According to stock analysts, Himax isn’t the place to invest your money, at least, not for a few more quarters. The reason being that the part supplier for Microsoft’s HoloLens augmented reality headset has been dwindling on shipments.
Nasdaq reports that the expert tips dropped Himax Technologies, Inc. (HIMX) in the market as low as 9.8% on Tuesday morning before recovering at only a 6.7% loss. This isn’t the first time that Himax saw a large drop in stock. Another incident occurred in September where they fell 19%.

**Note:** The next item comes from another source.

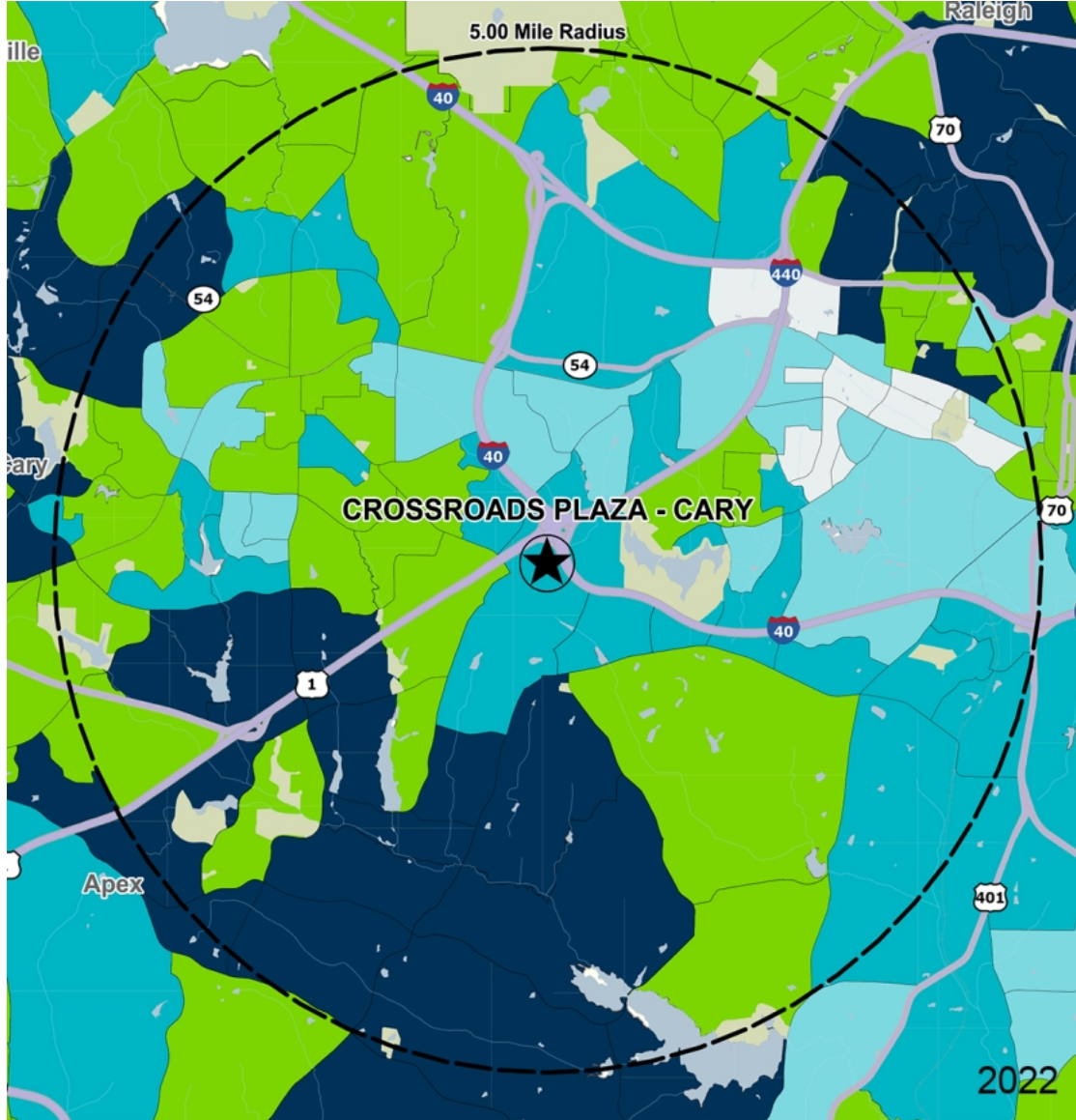
by Block Group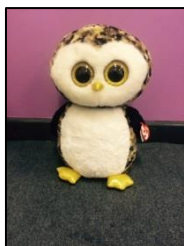
Ollie the Academy Owl

Even in lieu of the fluctuating investors, Himax CEO Jordan Wu seems to be positive that the parts manufacturer will be seeing a long-term growth which analysts suspect will be in the last half of 2017. Wu also emphasized last month in their Q3 report that the company was shifting to focus on their “AR customer’s shift in focus to the development of future generation devices” as their current product lines decline in sales.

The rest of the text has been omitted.